▸ Exercise brief
Beginning at the line that holds "夏良玉在致辞中简要介绍了学校" and continuing to the last line of the data below, transcribe every line word for word, without pictures.

▸ Listed records
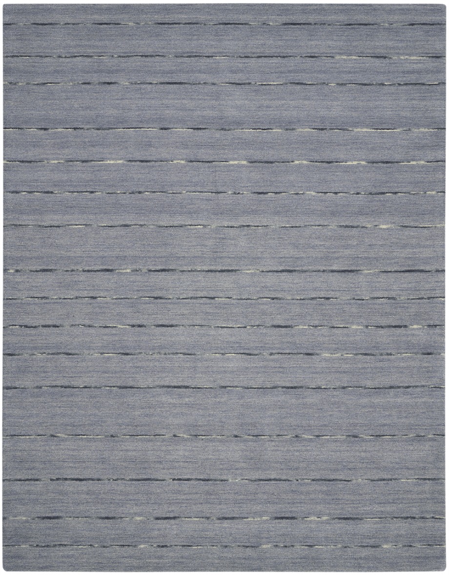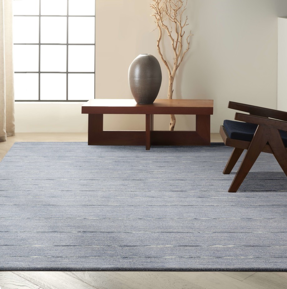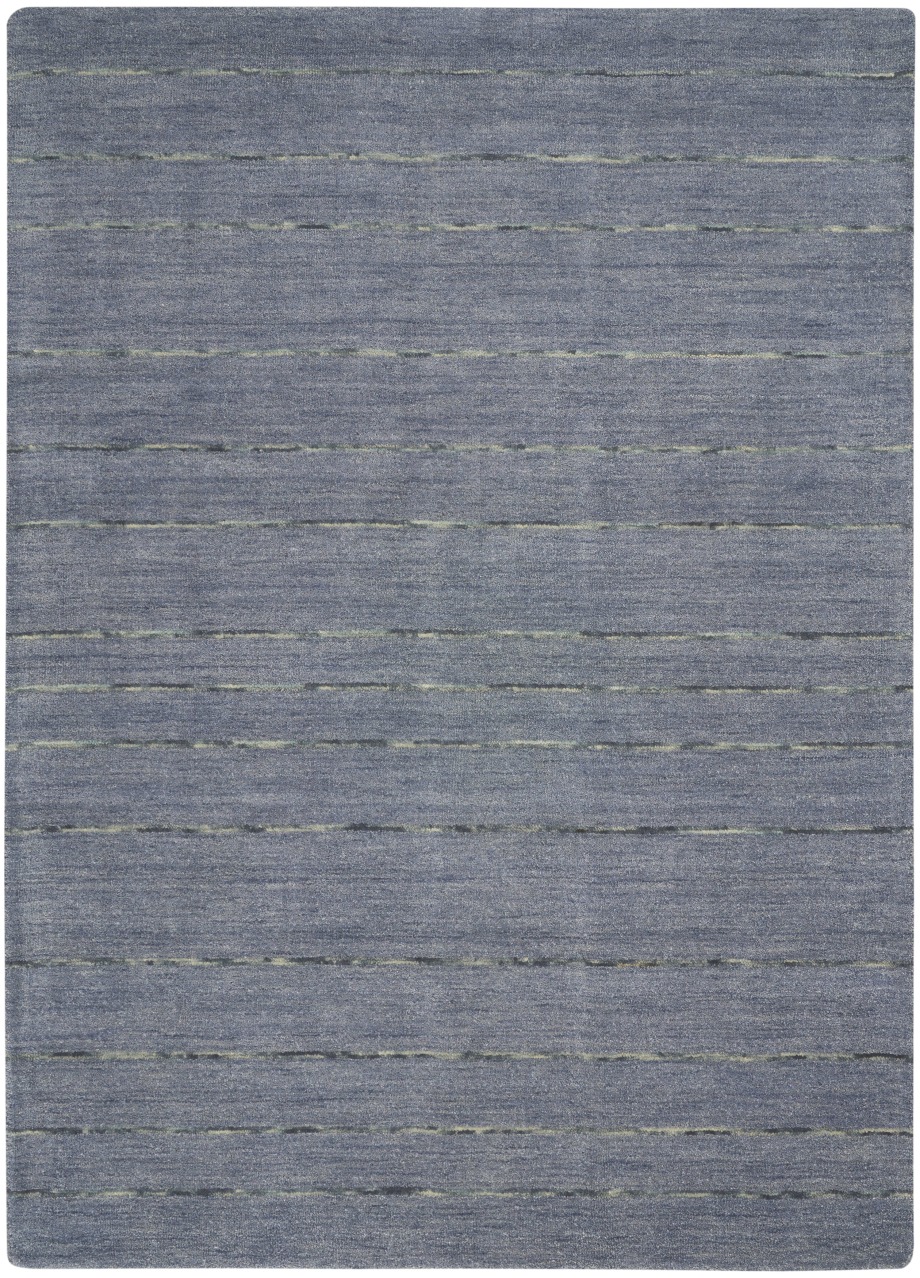 Natural, calming and modern. This Calvin Klein Halo rug offers a clean foundation for modern decor. A charcoal grey ground, space-dyed for tonal variation, is accented by softly broken stripes in neutral grey and ivory. This minimalist rug design is handmade of softly textured, low-profile wool fibers for lasting comfort.
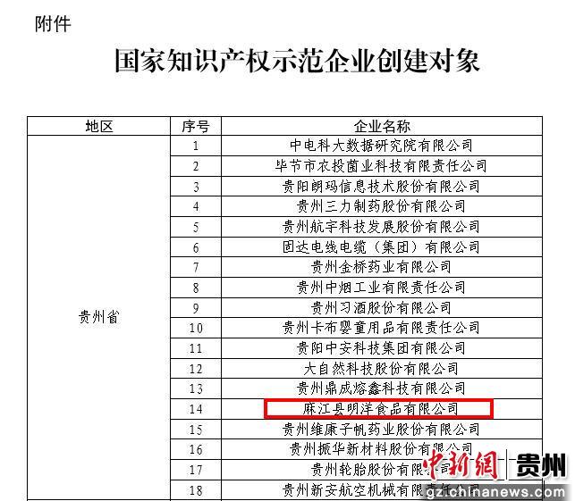 贵州18家企业入选国家知识产权示范企业 酸汤企业入选
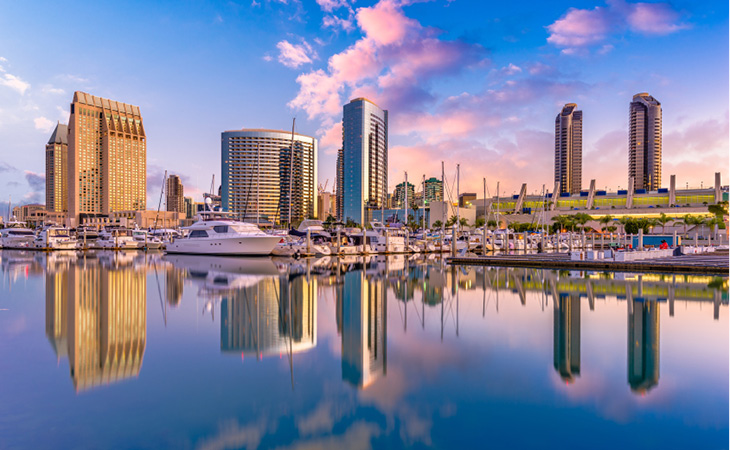 San Diego is situated on the Pacific coast of southern California, approximately 190 kilometres south of Los Angeles and bordering Mexico. The city boasts a natural deep harbor, stunning beaches, canyons, mesas and picturesque mountain ranges. From nature preserves, wildlife attractions and hillside hiking to historic city sight-seeing, museums and theatre, San Diego offers unique experiences for the entire family. If you like variety, San Diego is for you!
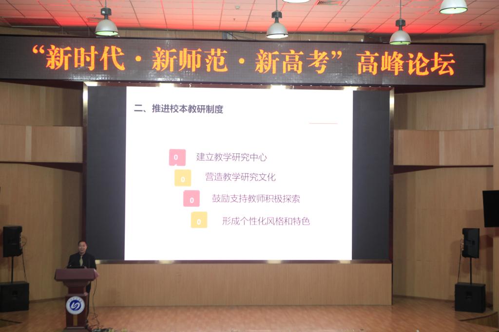 夏良玉在致辞中简要介绍了学校的办学历史和发展情况,重点介绍了学校围绕写好“师范性、应用性、地方性”所取得的改革发展成果。他指出,本次峰会将促进高校进一步落实立德树人根本任务,促进高中校科学主动地应对新高考,搭建新时代师范院校教育改革和政府、高校、中小学校协同育人,提高人才培养质量,推动师范教育迈上新征程、实现新跨越。我们将以此为契机,认真做好师范专业认证工作,不断深入人才培养模式改革,加强教师队伍建设,不断完善保障设施,培养更多“下得去、留得住、教得好”的四有好老师,为引领和服务基础教育作出新的更大贡献。
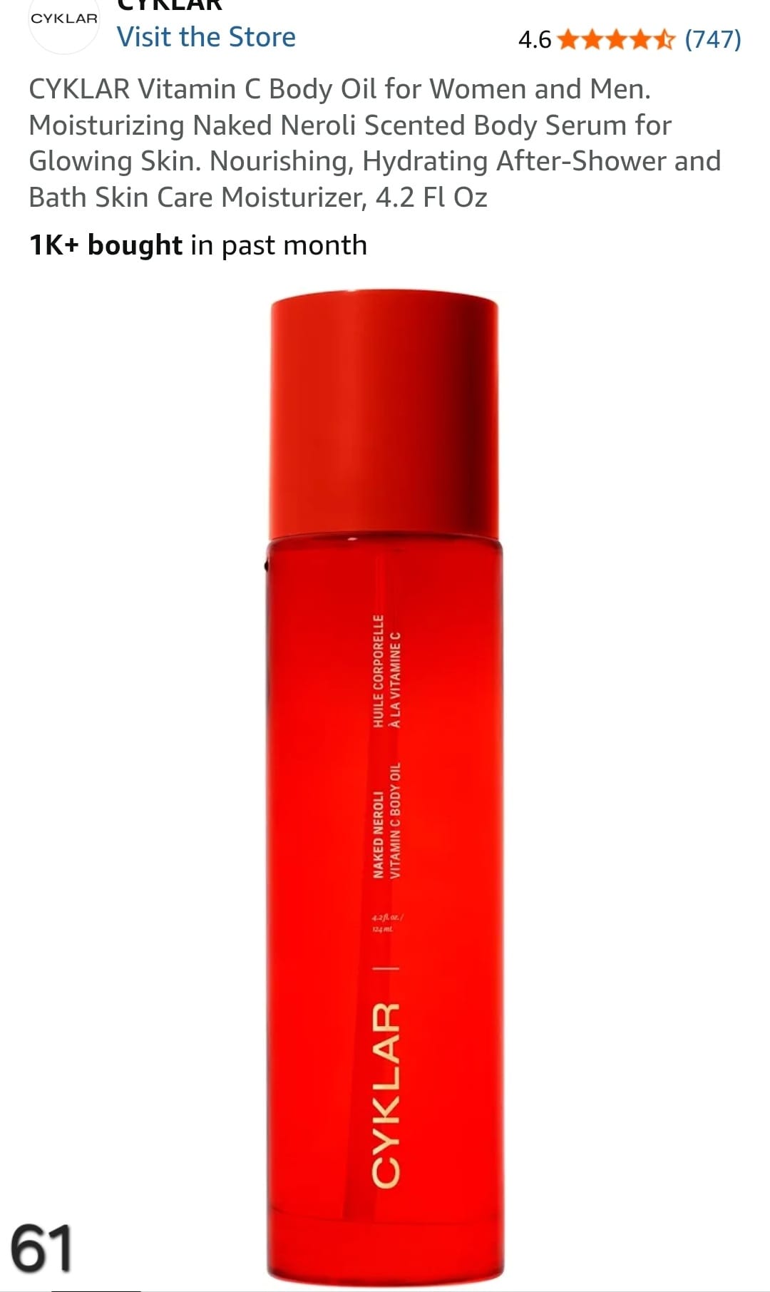 CYKLAR Vitamin C Body Oil for Women and Men. Moisturizing Naked Neroli Scented Body Serum for Glowing Skin. Nourishing, Hydrating After-Shower and Bath Skin Care Moisturizer, 4.2 Fl Oz. Lv61
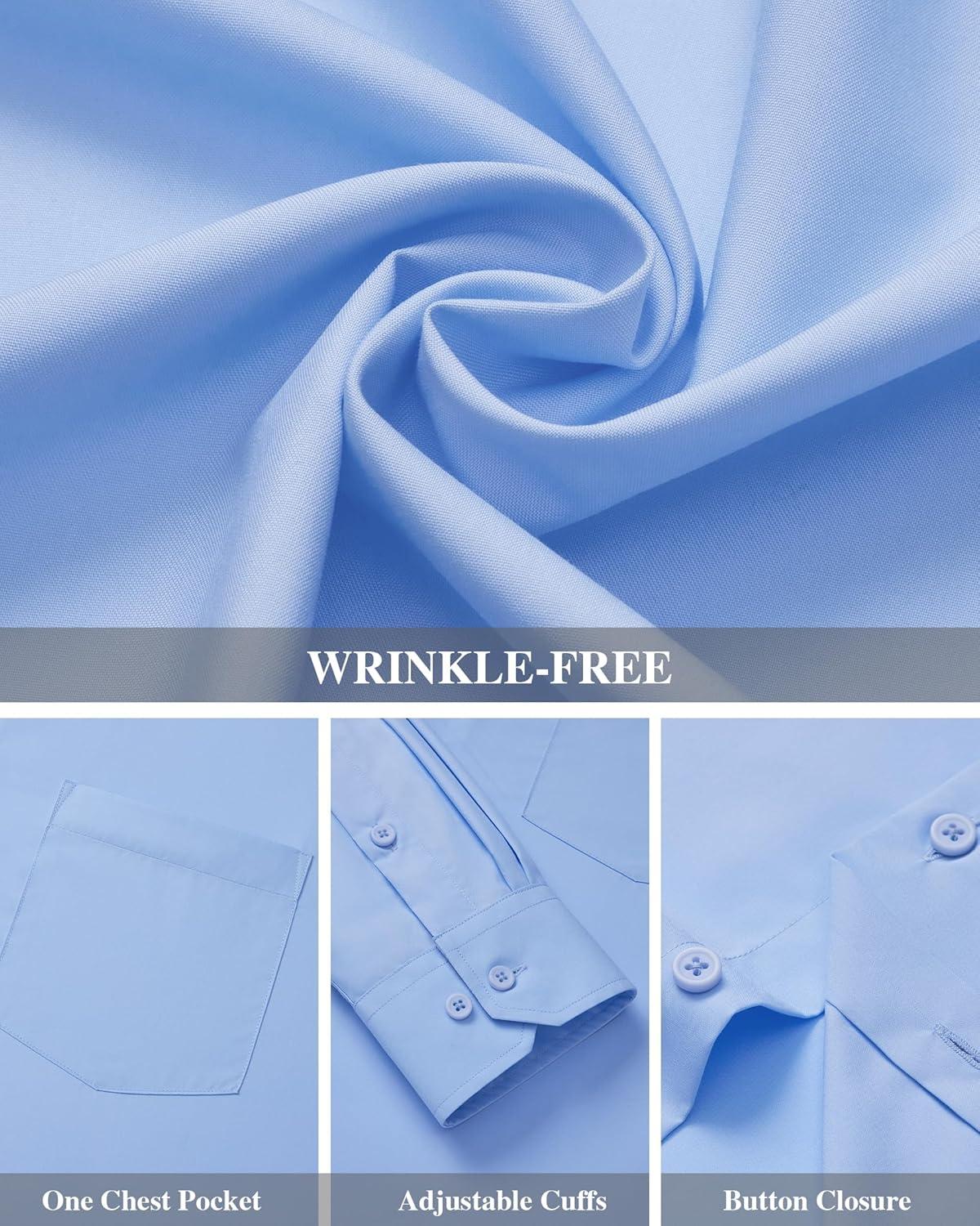 J.VER Men’s Dress Shirts Solid Long Sleeve Stretch Wrinkle-Free Formal Shirt Business Casual Button Down Shirts(Blue)

▸ Solution to the exercise
 夏良玉在致辞中简要介绍了学校的办学历史和发展情况,重点介绍了学校围绕写好“师范性、应用性、地方性”所取得的改革发展成果。他指出,本次峰会将促进高校进一步落实立德树人根本任务,促进高中校科学主动地应对新高考,搭建新时代师范院校教育改革和政府、高校、中小学校协同育人,提高人才培养质量,推动师范教育迈上新征程、实现新跨越。我们将以此为契机,认真做好师范专业认证工作,不断深入人才培养模式改革,加强教师队伍建设,不断完善保障设施,培养更多“下得去、留得住、教得好”的四有好老师,为引领和服务基础教育作出新的更大贡献。
 CYKLAR Vitamin C Body Oil for Women and Men. Moisturizing Naked Neroli Scented Body Serum for Glowing Skin. Nourishing, Hydrating After-Shower and Bath Skin Care Moisturizer, 4.2 Fl Oz. Lv61
 J.VER Men’s Dress Shirts Solid Long Sleeve Stretch Wrinkle-Free Formal Shirt Business Casual Button Down Shirts(Blue)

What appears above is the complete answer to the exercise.